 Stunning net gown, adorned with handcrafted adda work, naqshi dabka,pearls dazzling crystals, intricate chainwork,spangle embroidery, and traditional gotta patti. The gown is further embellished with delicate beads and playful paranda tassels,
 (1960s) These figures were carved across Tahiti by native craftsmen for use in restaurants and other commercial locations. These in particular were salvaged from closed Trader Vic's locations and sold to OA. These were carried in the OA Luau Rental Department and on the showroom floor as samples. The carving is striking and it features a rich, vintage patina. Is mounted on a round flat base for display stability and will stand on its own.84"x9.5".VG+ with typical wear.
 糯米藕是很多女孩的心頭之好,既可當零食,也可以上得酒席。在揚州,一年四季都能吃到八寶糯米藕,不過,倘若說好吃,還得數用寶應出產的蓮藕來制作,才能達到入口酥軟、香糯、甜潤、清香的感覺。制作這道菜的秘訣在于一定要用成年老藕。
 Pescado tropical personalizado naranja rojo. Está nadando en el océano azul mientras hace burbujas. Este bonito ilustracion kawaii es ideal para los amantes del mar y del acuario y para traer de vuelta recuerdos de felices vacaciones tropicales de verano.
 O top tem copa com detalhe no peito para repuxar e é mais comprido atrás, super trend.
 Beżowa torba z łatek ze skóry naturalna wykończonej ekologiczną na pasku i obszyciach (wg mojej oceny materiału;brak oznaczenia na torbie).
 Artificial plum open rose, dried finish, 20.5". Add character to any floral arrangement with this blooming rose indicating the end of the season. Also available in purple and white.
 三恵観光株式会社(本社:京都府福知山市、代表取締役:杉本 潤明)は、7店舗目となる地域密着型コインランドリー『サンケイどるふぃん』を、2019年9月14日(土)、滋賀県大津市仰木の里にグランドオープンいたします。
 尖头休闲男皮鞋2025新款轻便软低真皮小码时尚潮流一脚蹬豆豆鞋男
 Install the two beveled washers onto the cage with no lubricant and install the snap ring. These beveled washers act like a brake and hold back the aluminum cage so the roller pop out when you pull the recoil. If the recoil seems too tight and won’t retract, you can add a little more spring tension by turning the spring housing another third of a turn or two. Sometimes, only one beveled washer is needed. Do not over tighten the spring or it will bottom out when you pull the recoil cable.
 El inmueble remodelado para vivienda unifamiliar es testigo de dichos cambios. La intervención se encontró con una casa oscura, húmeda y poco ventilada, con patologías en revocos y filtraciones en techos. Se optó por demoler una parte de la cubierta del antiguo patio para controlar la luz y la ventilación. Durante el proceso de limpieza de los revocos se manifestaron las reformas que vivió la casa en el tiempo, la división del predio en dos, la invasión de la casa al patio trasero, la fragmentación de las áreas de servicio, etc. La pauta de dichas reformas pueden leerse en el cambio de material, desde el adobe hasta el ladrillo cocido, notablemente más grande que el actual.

## Task statement
Above are some lines. Repeat exactly, and only, those from the line that has "Artificial plum open" through the line that has "三恵観光株式会社(本社:京都".

## Result of this task
 Artificial plum open rose, dried finish, 20.5". Add character to any floral arrangement with this blooming rose indicating the end of the season. Also available in purple and white.
 三恵観光株式会社(本社:京都府福知山市、代表取締役:杉本 潤明)は、7店舗目となる地域密着型コインランドリー『サンケイどるふぃん』を、2019年9月14日(土)、滋賀県大津市仰木の里にグランドオープンいたします。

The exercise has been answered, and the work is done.